I approached this by taking $y=\frac a{x+b}+c$ trying to solve the following simultaneous equations: $$\frac ab+c=t$$ $$\frac a{t+b}+c=0$$
and was only able to conclude that $b=-c$ and could not see anyway to proceed. I would appreciate a hint to continue this method or another method entirely.
I know the solution to be:
$f(x)=\frac{t(t-x)}{x+t}$
On
Consider the function $f(x)=\frac{1}{x}$. This function is symmetric with respect to the line $x=y$. We shall use this symmetry.
We can translate the graphic of any function $f$ downward by defining $g(x)=f(x)-a$, for some $a>0$. Then, we can translate the graphic of this function to the left by defining $$h(x)=g(x+a)= f(x+a)-a=\frac{1}{x+a}-a.$$ After doing that, the function $h$ still preserves the symmetry of $f$. Given $t\in\mathbb R$, we just need to find $a>0$ such that $$ \frac{1}{a}-a=t \Rightarrow a=\frac{\sqrt{t^2+4}-t}{2}. $$
There are infinitely many families of hyperbolic curves that can pass through any given two points. (in general, you need five points to uniquely determine a quadratic curve)
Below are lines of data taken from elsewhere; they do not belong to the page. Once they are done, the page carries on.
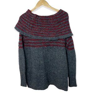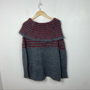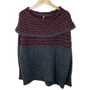 Free People Mohair Wool Linen Knit Engineer Sweater Grey Cowl Neck Fair Isle XS
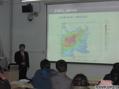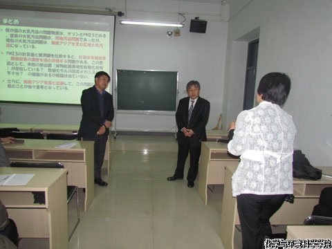 近藤 明教授介绍了其课题组近年来的一些科研进展,主要讲述了细颗粒物PM2.5研究。内容包括PM2.5的概念、产生的根源和在亚洲地区各大城市的PM2.5污染等方面做了详细分析和讲解。报告会后,近藤 明教授与在场的老师和同学进行了学术讨论。
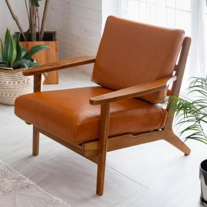 ソファ 1人掛け 1P 本革 木 幅 69cm キャメル ブラウン レザーソファ アームソファ ソファー 天然木 チーク 革 91480
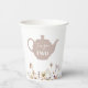 Ein rosa Teekanne mit "Tee für zwei"-Typografie im Inneren, mit zarter Aquarellmalung von Wildblumen am Boden. Ideal für Ihr zweites Geburtstagstee-Party!

Your proposed family of hyperbola $\displaystyle y=\frac a{x+b}+c~$ has the two asymptotes that are vertical and horizontal. In general, the two asymptotes can have any slopes.
Of course, your hyperbola family is already more than enough.
The result $b = -c$ is correct, which means in fact you have a two-parameter family $$ y=\frac{a}{x-c}+c = \frac{a + cx - c^2}{ x - c}$$ where any real-valued $a$ and $c$ render a hyperbola with the desired property (passing through those two points).
The quoted "known solution" is just the special case when one takes $c = -t$ and $a = 2t^2$.